Opportunities for Adaptive Experiments to Enable Continuous Improvement in Computer Science Education
Ilya Musabirov, Angela Zavaleta-Bernuy, Pan Chen, Michael Liut, Joseph Jay Williams
TL;DR
The paper addresses the gap between CS education research and classroom practice by exploring adaptive experiments that continually improve learning experiences. It adopts a Beta-Bernoulli Thompson Sampling ($TS$-$BB$) framework to allocate learning-support conditions in real time, using proximal rewards to drive online updates. The case study in CS1 comparing adaptive and traditional A/B designs demonstrates substantial reallocation of students toward better conditions (e.g., 82.6% to the preferred arm) and discusses benefits and limitations of this approach, including statistical inference with bandit data and potential personalization. The work highlights the practical impact of adaptive experimentation for continuous course improvement and advocates for supportive infrastructures and partnerships to scale these methods in computing education.
Abstract
Randomized A/B comparisons of alternative pedagogical strategies or other course improvements could provide useful empirical evidence for instructor decision-making. However, traditional experiments do not provide a straightforward pathway to rapidly utilize data, increasing the chances that students in an experiment experience the best conditions. Drawing inspiration from the use of machine learning and experimentation in product development at leading technology companies, we explore how adaptive experimentation might aid continuous course improvement. In adaptive experiments, data is analyzed and utilized as different conditions are deployed to students. This can be achieved using machine learning algorithms to identify which actions are more beneficial in improving students' learning experiences and outcomes.
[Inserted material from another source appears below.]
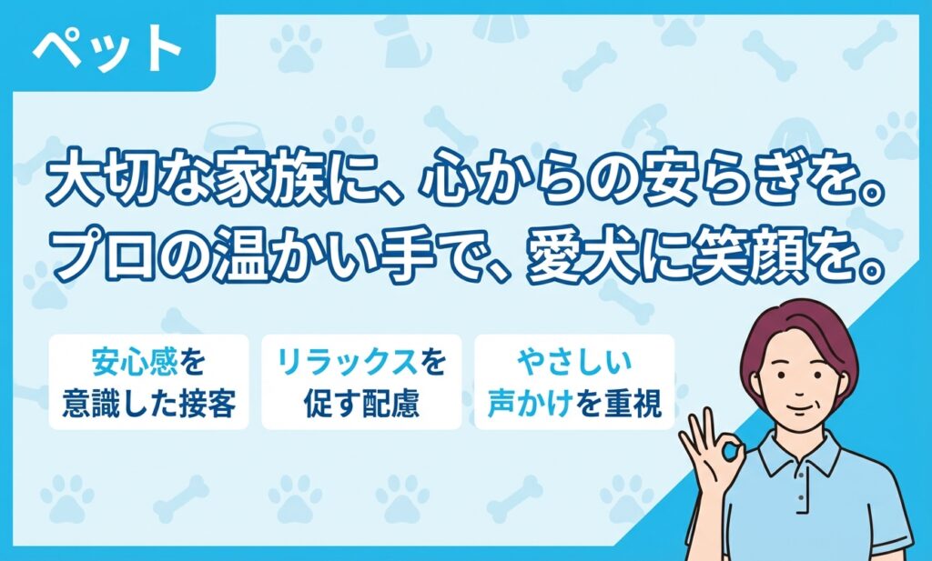 通常、1回の訪問につき30分から1時間程度の滞在が一般的です。ただし、ペットの種類やニーズに応じて滞在時間など事業者によってことなりますので事前に事業者様にご相談ください。

These algorithms can then dynamically deploy the most effective conditions in subsequent interactions with students, resulting in better support for students' needs. We illustrate this approach with a case study that provides a side-by-side comparison of traditional and adaptive experiments on adding self-explanation prompts in online homework problems in a CS1 course. This work paves the way for exploring the importance of adaptive experiments in bridging research and practice to achieve continuous improvement in educational settings.